PROBLEM DETAILS
Under this line are records; the part from the line containing "5 Disques à" through the line containing "T9 的外觀延續了 T" should be repeated exactly. Please exclude pictures.

EXTRACTED RECORDS
__________

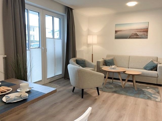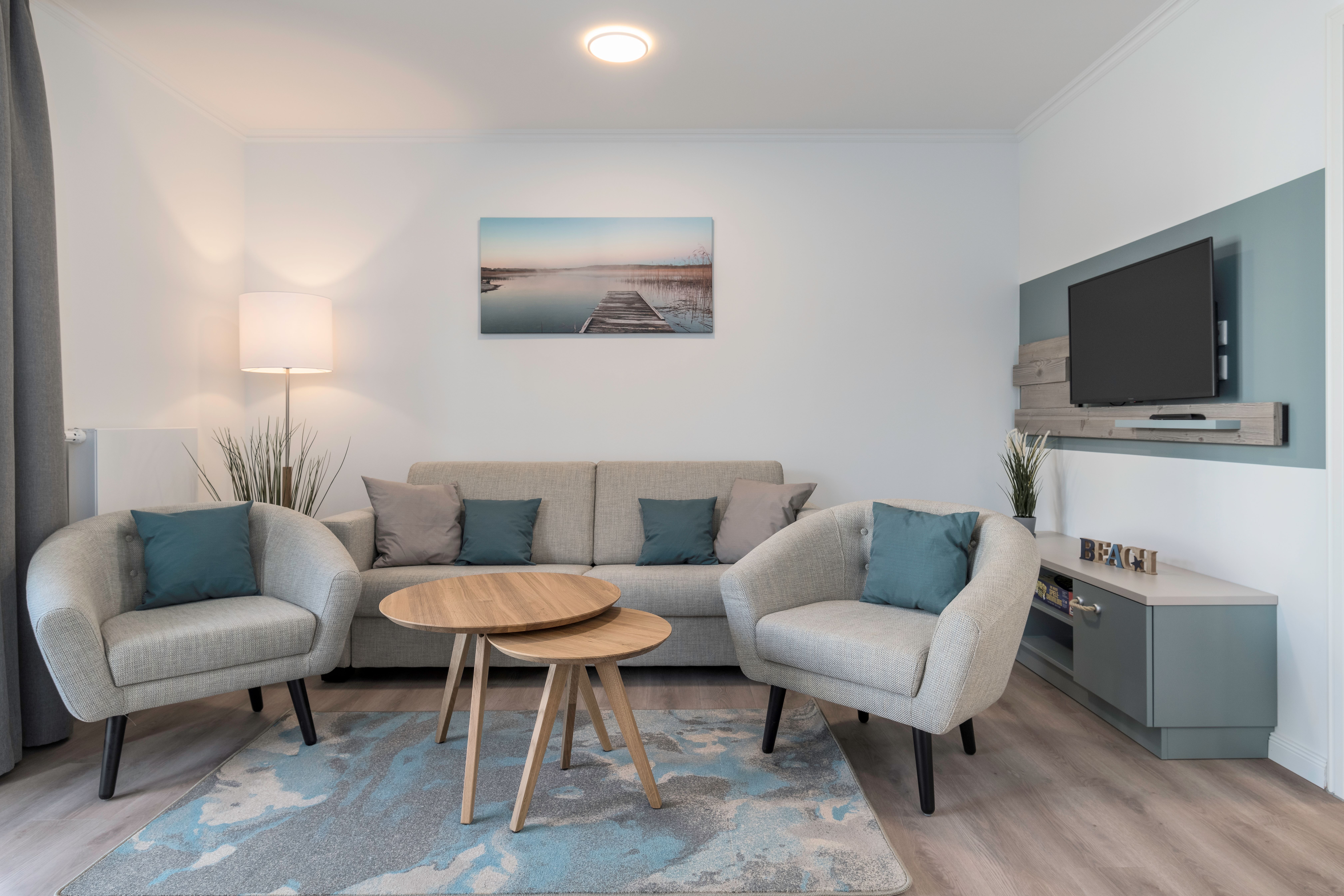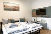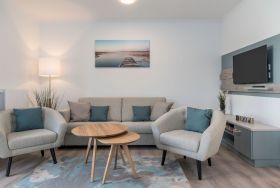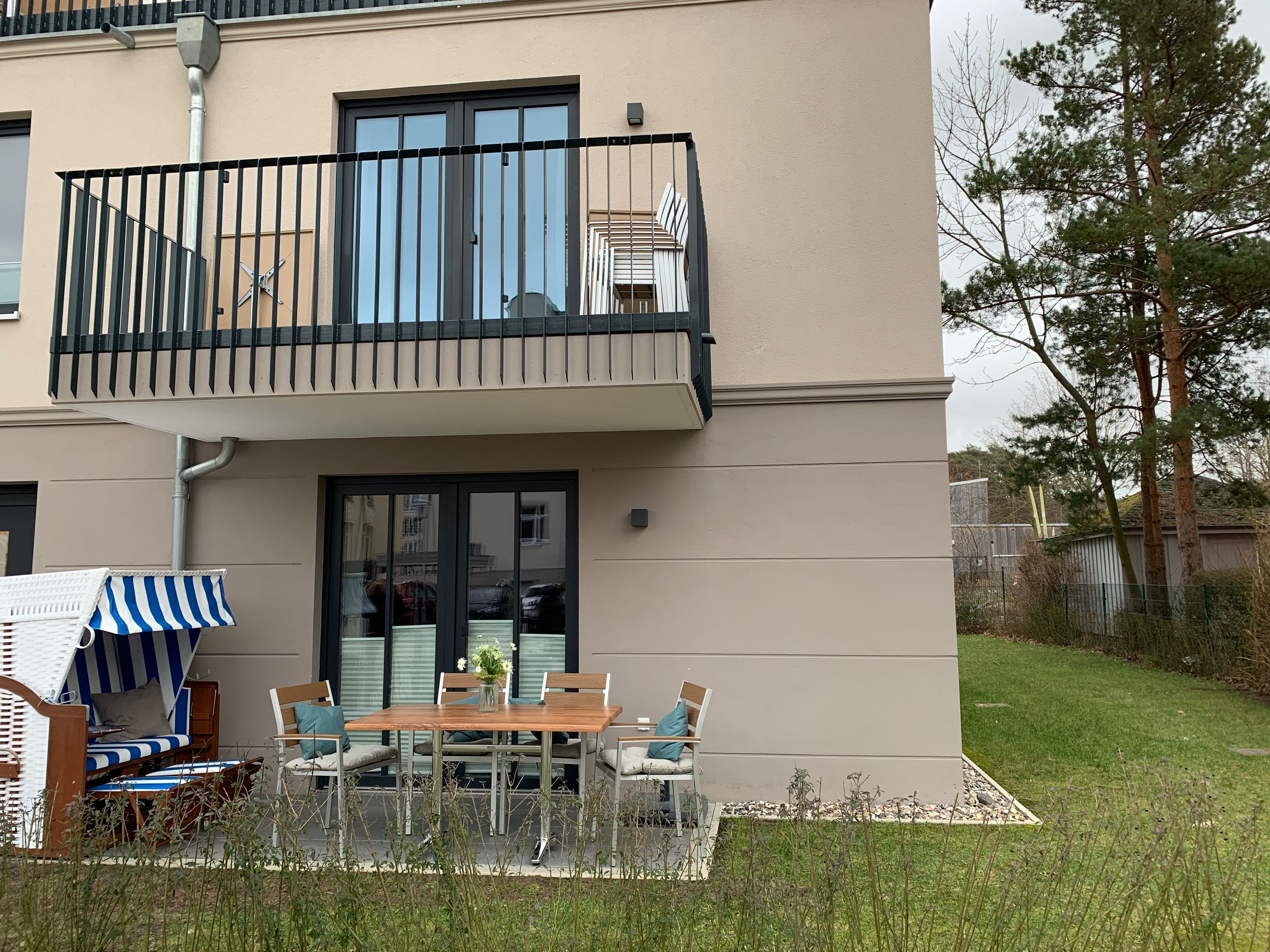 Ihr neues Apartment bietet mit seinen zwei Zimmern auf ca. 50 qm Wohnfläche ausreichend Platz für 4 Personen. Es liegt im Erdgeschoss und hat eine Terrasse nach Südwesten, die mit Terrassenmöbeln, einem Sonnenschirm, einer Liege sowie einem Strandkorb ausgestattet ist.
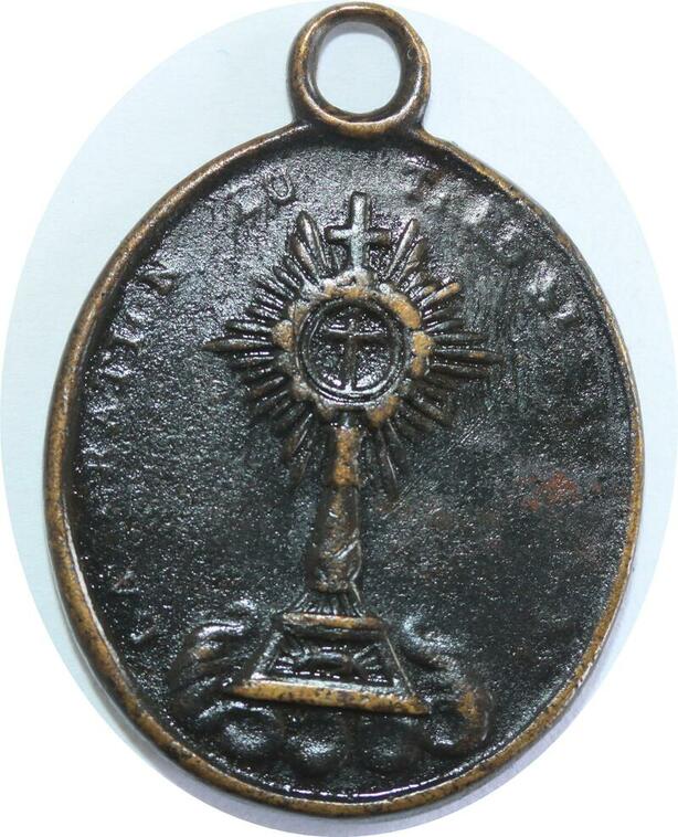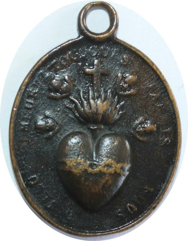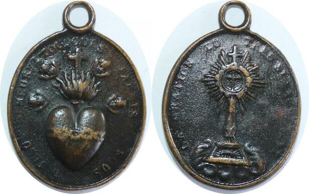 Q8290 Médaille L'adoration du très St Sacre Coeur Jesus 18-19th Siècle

__________

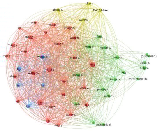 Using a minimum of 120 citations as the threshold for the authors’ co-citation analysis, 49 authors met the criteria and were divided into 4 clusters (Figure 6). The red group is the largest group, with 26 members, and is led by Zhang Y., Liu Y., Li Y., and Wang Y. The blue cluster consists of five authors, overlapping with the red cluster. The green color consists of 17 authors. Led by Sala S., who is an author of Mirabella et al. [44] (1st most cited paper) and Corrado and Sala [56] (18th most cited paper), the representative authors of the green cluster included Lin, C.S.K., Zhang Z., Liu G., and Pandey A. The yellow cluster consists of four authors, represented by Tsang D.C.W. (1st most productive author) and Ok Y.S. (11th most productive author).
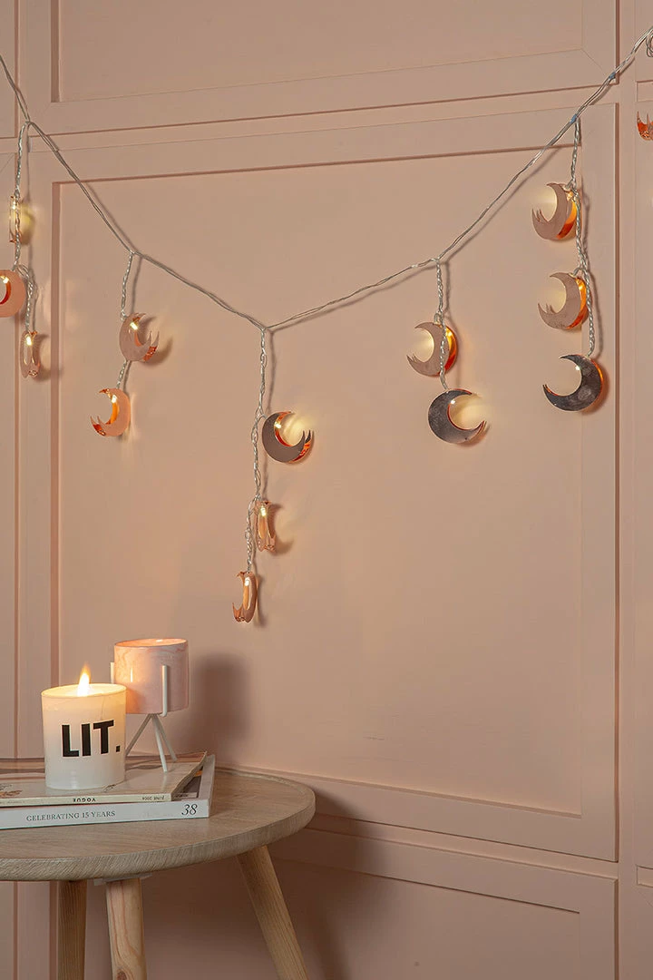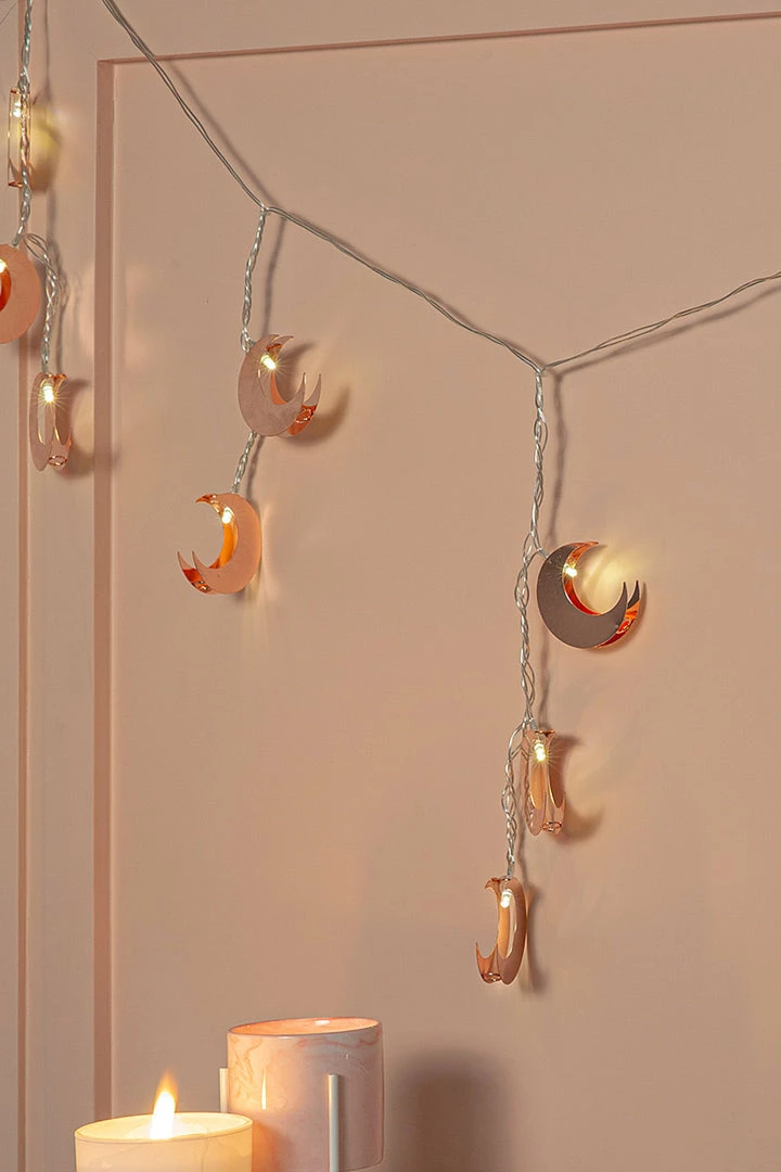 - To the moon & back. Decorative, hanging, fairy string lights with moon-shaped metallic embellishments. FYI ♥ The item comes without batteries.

__________

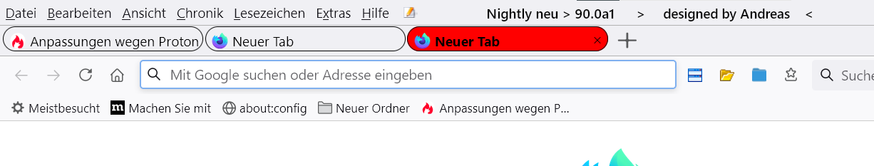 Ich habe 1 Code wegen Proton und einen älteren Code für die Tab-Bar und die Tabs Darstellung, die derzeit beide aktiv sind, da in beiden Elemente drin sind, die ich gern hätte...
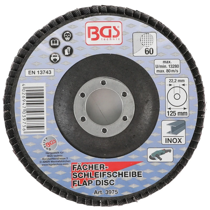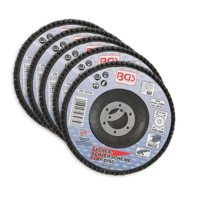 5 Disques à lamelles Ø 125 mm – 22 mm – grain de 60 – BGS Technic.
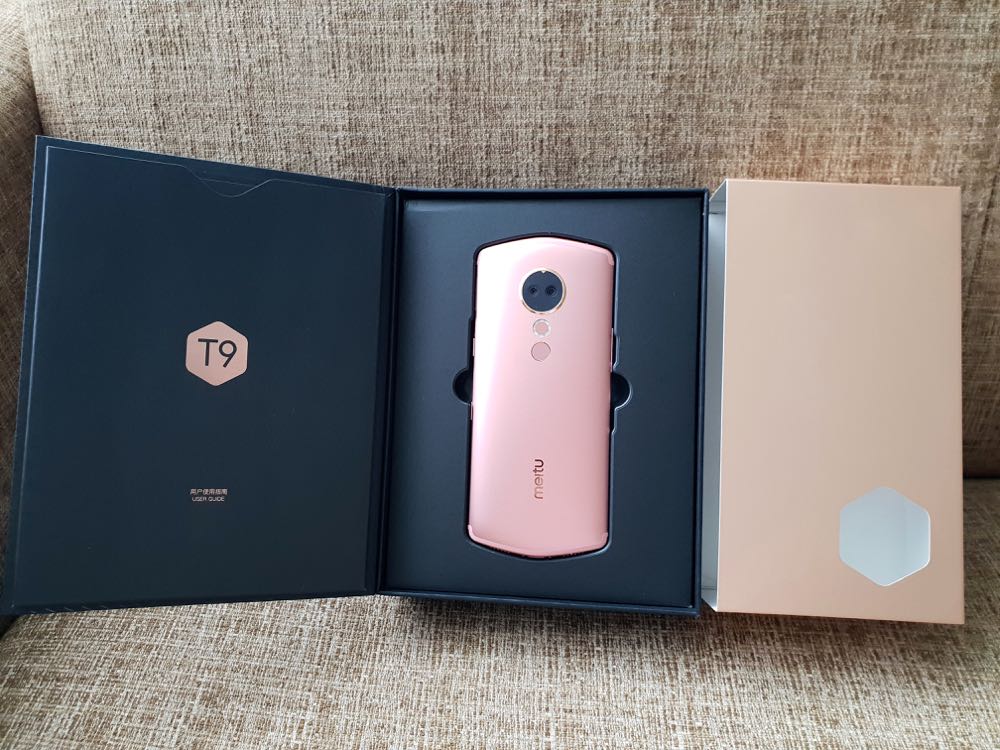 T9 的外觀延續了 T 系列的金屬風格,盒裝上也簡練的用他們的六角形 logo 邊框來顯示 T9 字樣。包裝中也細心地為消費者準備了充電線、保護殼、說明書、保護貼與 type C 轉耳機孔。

__________

SOLUTION
 5 Disques à lamelles Ø 125 mm – 22 mm – grain de 60 – BGS Technic.
 T9 的外觀延續了 T 系列的金屬風格,盒裝上也簡練的用他們的六角形 logo 邊框來顯示 T9 字樣。包裝中也細心地為消費者準備了充電線、保護殼、說明書、保護貼與 type C 轉耳機孔。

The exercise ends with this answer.